Hükümet sağlık da ki bu uygulama ile “vatandaşın cebindeki son kuruşa” da göz diktiğini göstermiştir.
*AB Uyum Yasaları kapsamında Kamu çalışanlarına “söz verilmesine” rağmen, “grevli ve toplu sözleşmeli” sendikal haklar bir türlü gündeme getirilmemiştir.
Görüldüğü gibi, AKP İktidarı 2008 de olduğu gibi, 2009 yılında da emek cephesini, görmezden gelmiş, İşçi ve memur sendikalarının “uyarılarına” rağmen ileri bir adım atmamakta direnmiştir.

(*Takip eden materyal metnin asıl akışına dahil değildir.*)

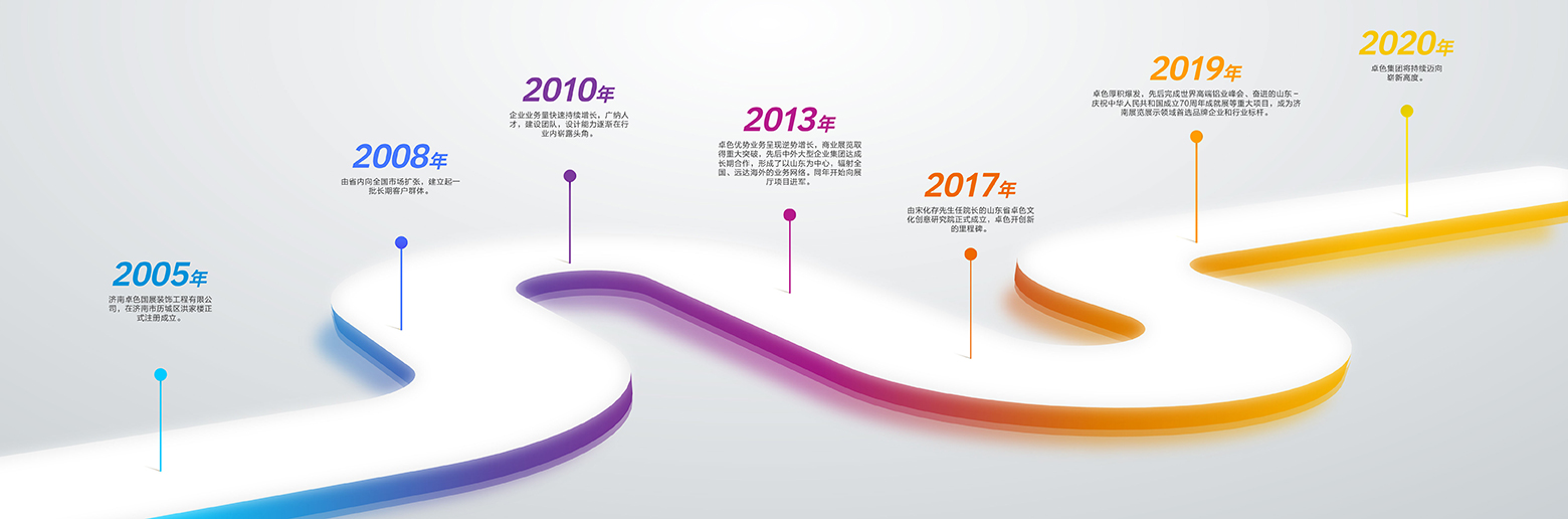 濟南卓色國展裝飾工程有限公司始創(chuàng)于2005年,于2013年進行企業(yè)更新升級,是山東省第一家以高校創(chuàng)意團隊為背景,致力于展覽展示服務(wù)、會議活動策劃及展廳展館設(shè)計施工一體化的專業(yè)性文創(chuàng)企業(yè)。
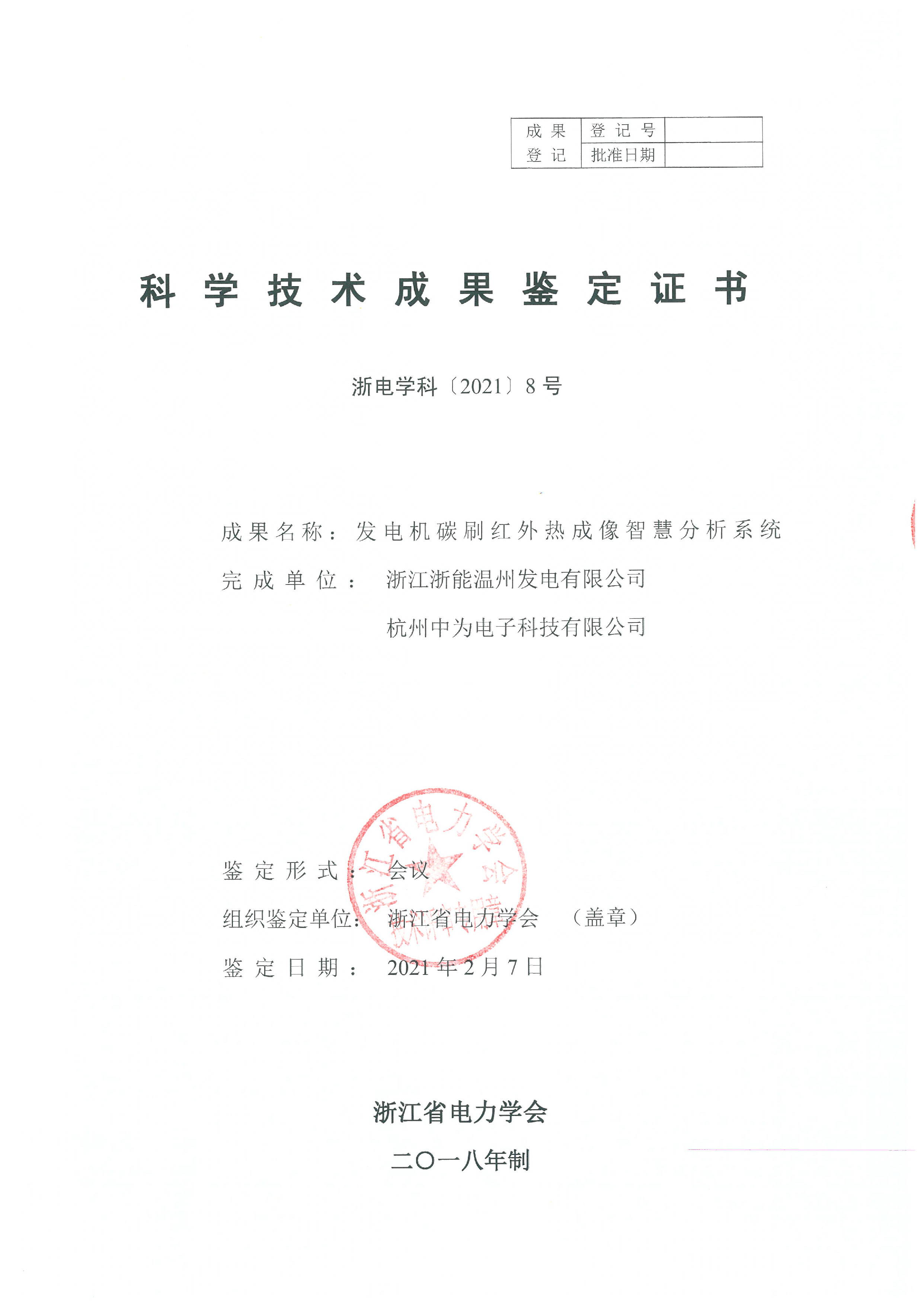2021年2月7日,杭州中為電子科技有限公司牽頭浙江省電力學會相關專家在杭州市主持召開了浙江浙能溫州發電有限公司與杭州中為電子科技有限公司的合作項目《發電機碳刷紅外熱成像智慧分析系統》科技項目成果鑒定。經鑒定委員會專家的鑒定,一致同意該科技項目通過科技成果鑒定。浙能溫州電廠技術總監翁獻進、杭州中為電子科技有限公司技術部潘明澤共同為委員會做專項成果技術介紹,詳盡的為與會專家闡述了項目的關鍵技術和創新點。
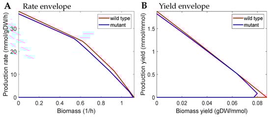 Rate and yield envelopes of a strain design by M-OptYiled with a knockout set of {FUM, LGTHL, GLBRAN2, SERD_D} for fumarate production. (A) Yield envelope. (B) Rate envelope. The resulting mutant is (weak) GYC but not GRC.
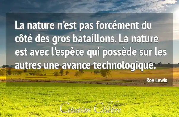 La nature n'est pas forcément du côté des gros bataillons. La nature est avec l'espèce qui possède sur les autres une avance technologique.
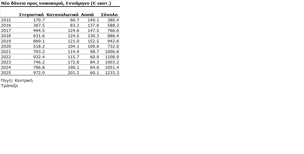 Τα συνολικά νέα δάνεια προς νοικοκυριά παρουσίασαν αύξηση 17,3% φθάνοντας στο €1,2 δισ. από €1,1 δισ. το εννιάμηνο του 2024, ξεπερνώντας κατά 11,2% το προηγούμενο ρεκόρ του 2022.
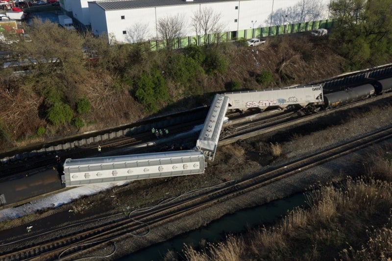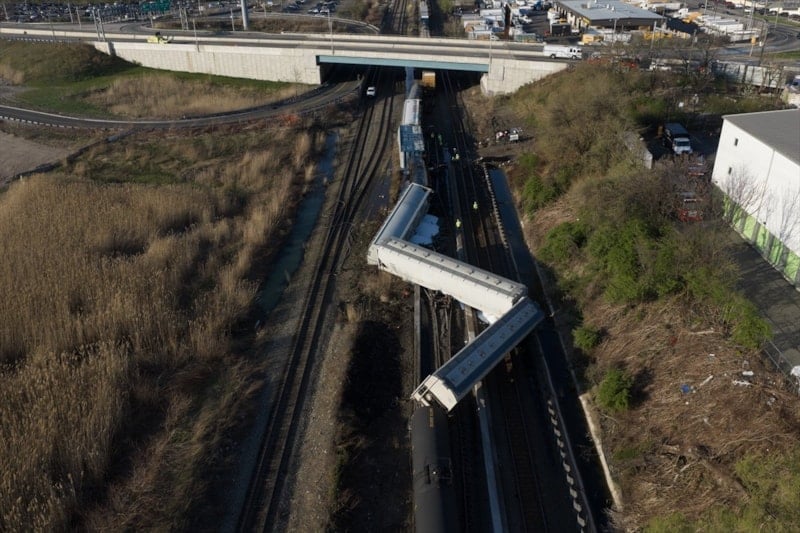 ABD'nin New Jersey eyaletindeki North Bergen'de meydana gelen tren kazasında yük treninin 13 vagonu raydan çıktı.
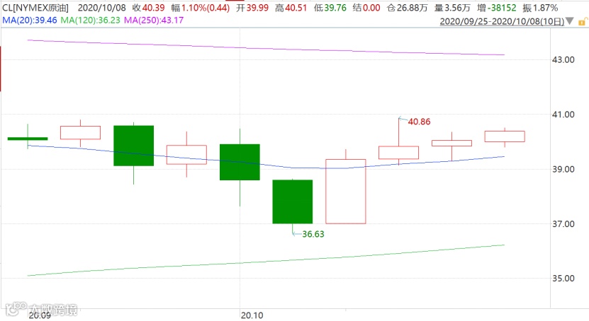 原油先跌后涨,截至10月8日16:00,NYMEX原油现已回到40美元/桶上方。
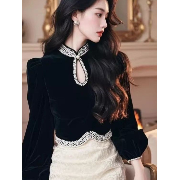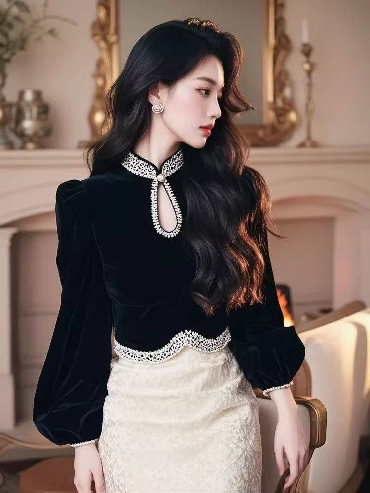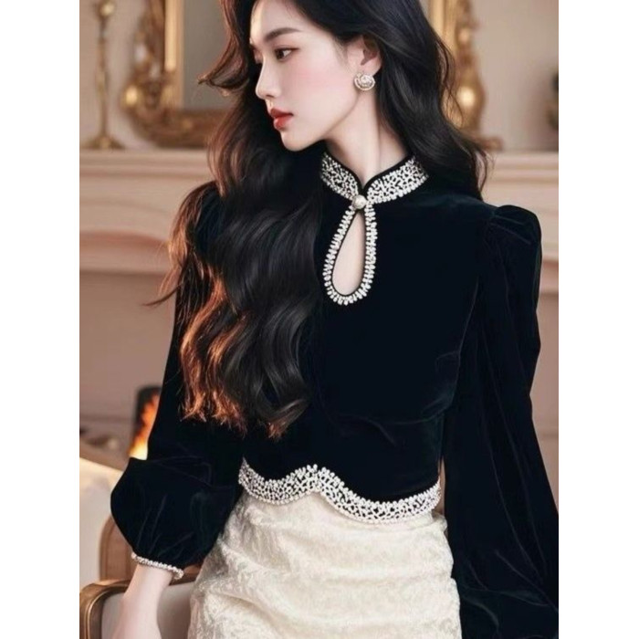 黑色高級感絲絨襯衫女長袖秋冬新款洋氣顯瘦上衣減齡絕美打底小衫

2009 yılı “icraatın içinden” uygulamalarına bakacak olursak;
*Özelleştirmeler hız kesmeden devam etmiş, bu dönemde yaklaşık 200 bin kamu çalışanı “özelleştirme” mağduru olmuştur.
*Çalışanlara “artan milli gelirden” pay verilmemiş, büyümenin “kaymağı” küresel sermayeye dağıtılmıştır.
*Uygulanan “yanlış ekonomik politikalarla” şçi, memur, emekli, dul ve yetimler “açlığa” mahkûm edilmişlerdir.
*Milli gelir dağıtılırken her yıl küçültülen pasta dilimi reva görülen “dar ve sabit gelirliler” vergi toplanırken hatırlanmış, dolaylı vergilerle vatandaşın “bükülen beli” bir daha doğrultmamak üzere “kırılmıştır”.
2010 yılı bütçesi de hayal kırıklığı yaratmış, işçiye, memura, emekliye, işsize yönelik ne bir iyileştirme, nede bir “nefes aldıracak” tedbir görülmemektedir.
Sonuç da yurdum insanı için;
Demek yine bana hüsran,
Bana yine hasret var.
Yine bana esmer günler düştü eyvah,
Yine bana hüsran, bana yine hasret var.
Yine bana sensiz günler düştü.
Dizelerini içeren şarkıyı söylemeye devam edecek;
Ya da;
Emek cephesini oluşturan tüm kesimler bir ve bütünleşerek, tek yumruk olarak haklı taleplerini bu iktidara demokratik yollardan “kabul ettirme” mücadelesini vermeye gayret gösterecek.